I don't have written proof, but as we see on daily basis. Many
vulnerabilities discovered everyday due to these cases. That`s why I
thought what if we disable such type of extensions which used quite some
time.I already know and observe the point which you have said, But i was
also trying to think from developer point of view.
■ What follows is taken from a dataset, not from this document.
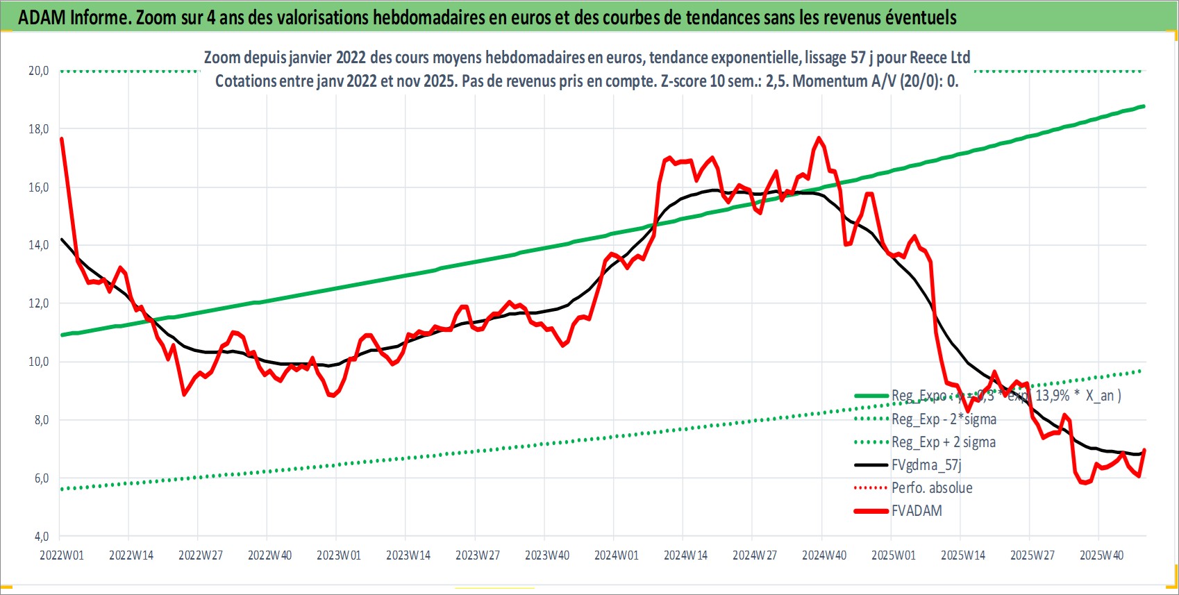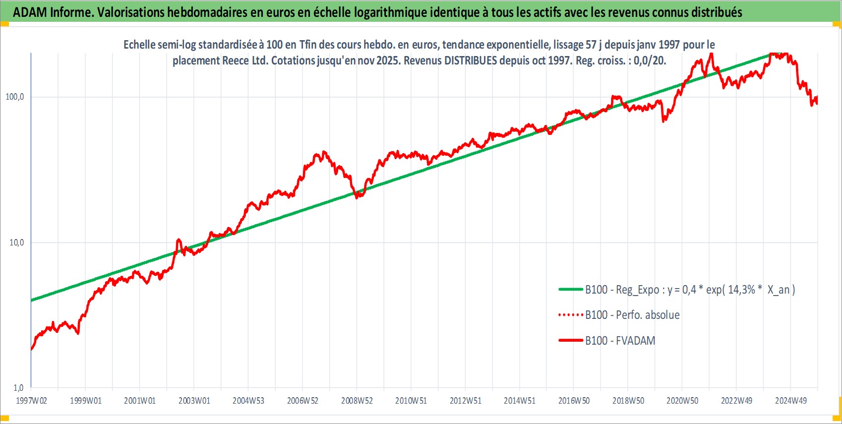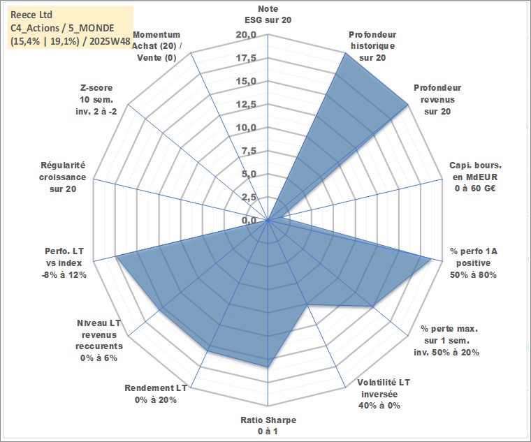 Site dédié aux investisseursPage dédiée sur site financeAnalyse des valorisations hebdomadaires de l'action Reece Ltd. Cet actif est cote en AUD. Les valorisations sont en contrevaleur EURO et couvrent les semaines 1997W01 a 2025W48. Les revenus de cet actif financier sont pris en compte depuis la semaine 1997W43. La note ESG de cet actif n'est pas connue.

In those cases developer should be aware about these things which can
prevent this type of cases.
Have a great day
Nice to talk with you.
Cheers
On Wed, Sep 2, 2015 at 12:16 AM, Ondřej Surý <ondrej@sury.org> wrote:
> Yeah, making a snarky comments always helped a discussion.
>
> The snippet you pasted from Wolf CMS also doesn't protect against .php5
> extension which is also configured by default. That's why relying on such
> poor security measure could never work and only shows a poor security
> design on the application side. The default PHP configuration cannot
> protect against poorly coded PHP applications. Disabling .phtml by default
> would do more harm than good because it would render all webpages that
> still have .phtml extensions unoperable.
>
> Also according to the same logic because Wolf CMS isn't protected against
> .php5 we should disable the .php5 extension?
>
> This needs to be fixed in the applications, so the user uploaded scripts
> could never be executed directly or through some dynamic include. That's
> what I would call security.
>
>
> more then hundreds or more
>
>
> There's this thing called evidence, so unless you are ready to provide
> evidence for such blatant claim, please calm down and don't exaggerate.
>
> Please calm down, think about what I wrote, and don't respond if you are
> still angry.
>
> Ondrej
>
> On Tue, Sep 1, 2015, at 20:14, Narendra Bhati wrote:
>
> Thanks, Ondřej
>
> BTW there are many web applications which relay on this.Actually not many
> there are more then hundreds or more.
> Thanks for the quick response. Nice to talk with you.
> Cheers To Security (y)
>
> On Tue, Sep 1, 2015 at 11:38 PM, Ondřej Surý <ondrej@sury.org> wrote:
>
>
> Hi again,
>
> it's Wolf CMS that needs to be fixed to no rely on false security that
> depends on file extensions.
>
> Cheers,
> Ondrej
>
> On Tue, Sep 1, 2015, at 19:00, Narendra Bhati wrote:
>
> Hello Ondřej
>
> I understand your concern. But my i was pointing out in a different
> scenario. Like many Web Application lets take an exmaple of Wolf CMS
>
> They have made some changes on invalid/malicious file upload extensions as
> below
>
> + if (in_array($ext, ['php', 'php3', 'php4', 'inc'])) {
> + Flash::set('error', __('Not allowed to upload files with
> extension :ext', $ext));
> + redirect(get_url('plugin/file_manager/browse/'));
>
> Now as you can see here user can upload files and can access them
> directly.Now here developer has not included "phtml" as a part of
> invalid/malicious
> file and if the web server Debian Configuration is allowing user to
> execute "phtml" as "php" then finish.Now as an attacker we can try to
> upload malicious file with different extensions so according to debian
> configuration if server is set to execute such type of extensions..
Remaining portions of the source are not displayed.